You can see the code I am using bellow:

import cv2
import time

import argparse
import numpy as np
from PIL import Image
from utils.anchor_generator import generate_anchors
from utils.anchor_decode import decode_bbox
from utils.nms import single_class_non_max_suppression
from load_model.pytorch_loader import load_pytorch_model, pytorch_inference

# model = load_pytorch_model('models/face_mask_detection.pth');
model = load_pytorch_model('models/model360.pth');
# anchor configuration
#feature_map_sizes = [[33, 33], [17, 17], [9, 9], [5, 5], [3, 3]]
feature_map_sizes = [[45, 45], [23, 23], [12, 12], [6, 6], [4, 4]]
anchor_sizes = [[0.04, 0.056], [0.08, 0.11], [0.16, 0.22], [0.32, 0.45], [0.64, 0.72]]
anchor_ratios = [[1, 0.62, 0.42]] * 5

# generate anchors
anchors = generate_anchors(feature_map_sizes, anchor_sizes, anchor_ratios)

# for inference , the batch size is 1, the model output shape is [1, N, 4],
# so we expand dim for anchors to [1, anchor_num, 4]
anchors_exp = np.expand_dims(anchors, axis=0)

id2class = {0: 'Mask', 1: 'NoMask'}


def inference(image,
              conf_thresh=0.5,
              iou_thresh=0.4,
              target_shape=(160, 160),
              draw_result=True,
              show_result=True
              ):
    '''
    Main function of detection inference
    :param image: 3D numpy array of image
    :param conf_thresh: the min threshold of classification probabity.
    :param iou_thresh: the IOU threshold of NMS
    :param target_shape: the model input size.
    :param draw_result: whether to daw bounding box to the image.
    :param show_result: whether to display the image.
    :return:
    '''
    # image = np.copy(image)
    output_info = []
    height, width, _ = image.shape
    image_resized = cv2.resize(image, target_shape)
    image_np = image_resized / 255.0  # 归一化到0~1
    image_exp = np.expand_dims(image_np, axis=0)

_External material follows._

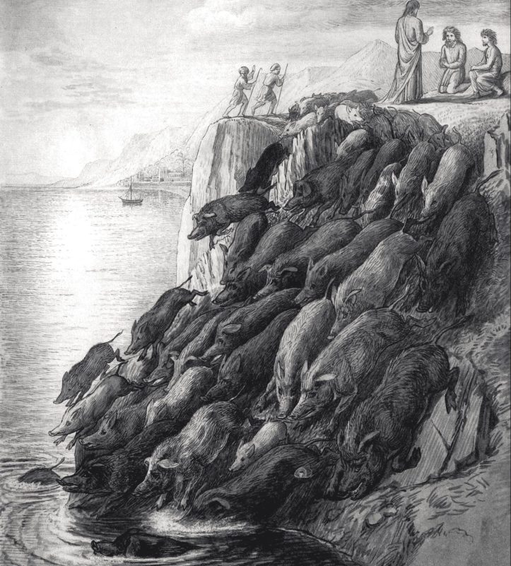Artwork: “The whole herd of Swine ran violently down a steep place,” Public Domain.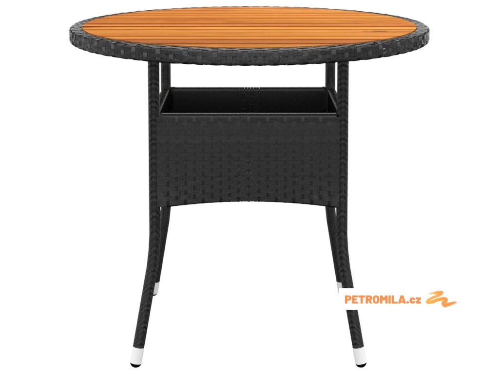 Zahradní stůl Ø 80 x 75 cm akáciové dřevo a polyratan černý

    image_transposed = image_exp.transpose((0, 3, 1, 2))

    y_bboxes_output, y_cls_output = pytorch_inference(model, image_transposed)
    # remove the batch dimension, for batch is always 1 for inference.
    y_bboxes = decode_bbox(anchors_exp, y_bboxes_output)[0]
    y_cls = y_cls_output[0]
    # To speed up, do single class NMS, not multiple classes NMS.
    bbox_max_scores = np.max(y_cls, axis=1)
    bbox_max_score_classes = np.argmax(y_cls, axis=1)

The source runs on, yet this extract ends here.